Problem requirements —
Both ends included, set down the lines from the line containing "Edirne'de ekili alanlara" through the last line of the records below, without pictures.

Source material —
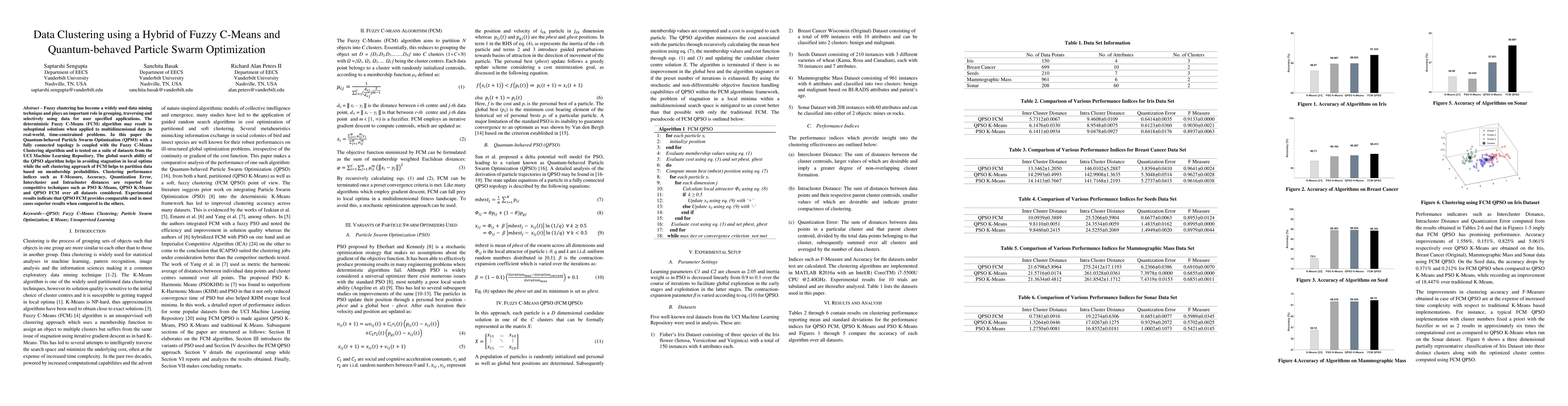This paper proposes a hybrid approach combining Fuzzy C-Means clustering with Quantum-behaved Particle Swarm Optimization to improve clustering performance. The QPSO algorithm enhances the global search capability, while FCM's soft clustering aids in data partitioning based on membership probabilities, leading to superior results compared to other techniques.
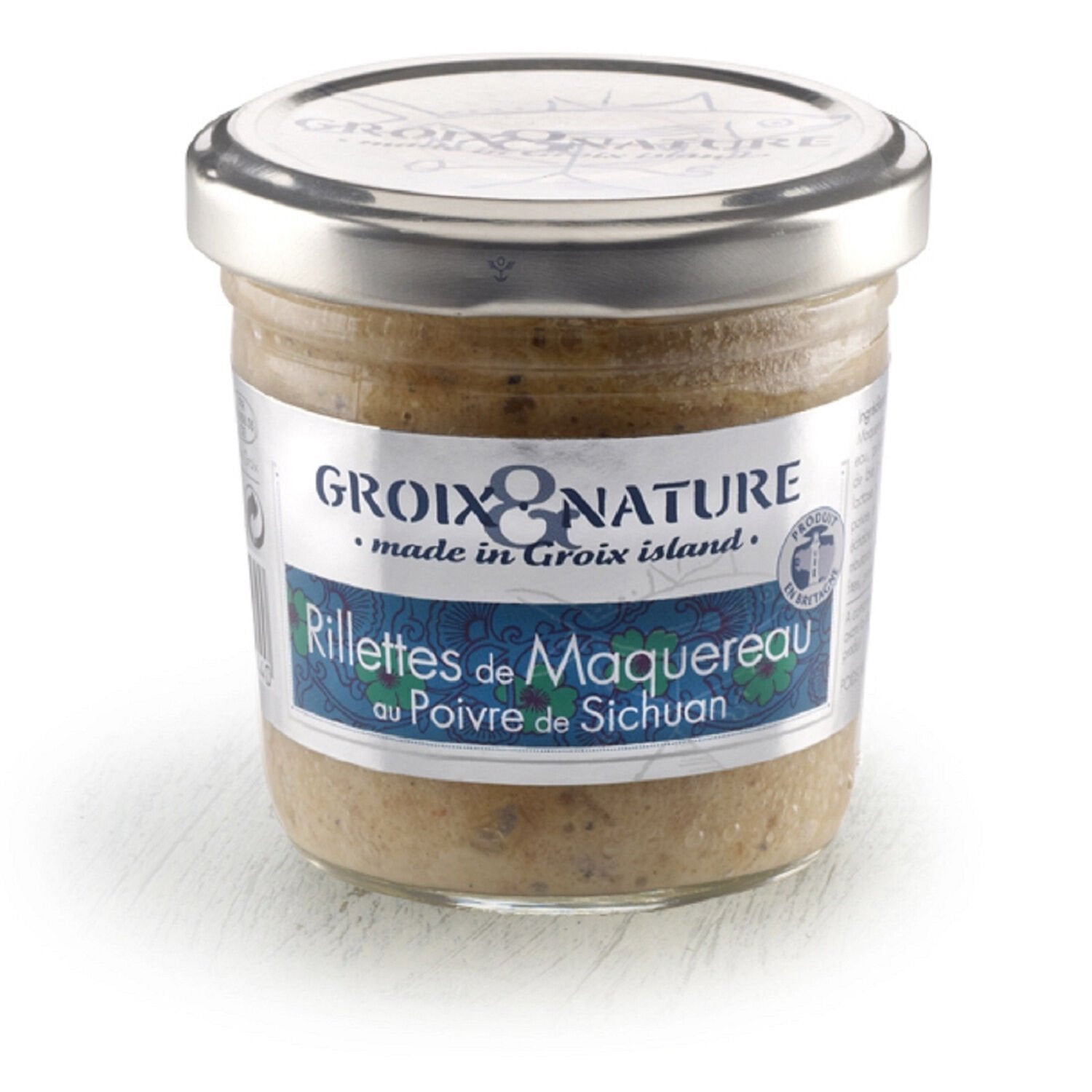 MAKRELE-RILLETTES MIT PFEFFERMakrele* 56,5 % - flüssige Sahne - Wasser - Zitronenpüree (Zitrone 84 % - Invertzuckersirup 16 %) - Weizenmehl - MILCHproteine und Laktose - Salz - Zitronenschale - Sichuan-Pfeffer 0,2 % - Schalotten - Piment d'Espelette - Knoblauch*Scomber scombrus, Herkunft Nordostatlantik
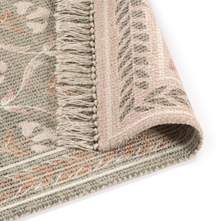 Transform the atmosphere of your home with a simple flip. Cecile features a reversible design with a rich, textured floral motif on each side: one side in Olive Green and the other in Earthy Beige — what'll it be today?
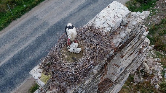 Edirne'de ekili alanlara yakın yerlere yuvalanan leylekler yavrularını korumak için yuvanın başından ayrılmıyor.
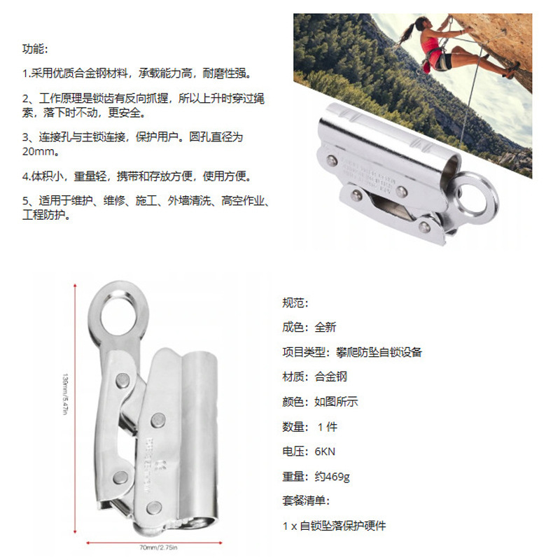 高负载能力:制动滑车和椭圆形钢制登山扣具有高负载能力。

Problem solution —
 Edirne'de ekili alanlara yakın yerlere yuvalanan leylekler yavrularını korumak için yuvanın başından ayrılmıyor.
 高负载能力:制动滑车和椭圆形钢制登山扣具有高负载能力。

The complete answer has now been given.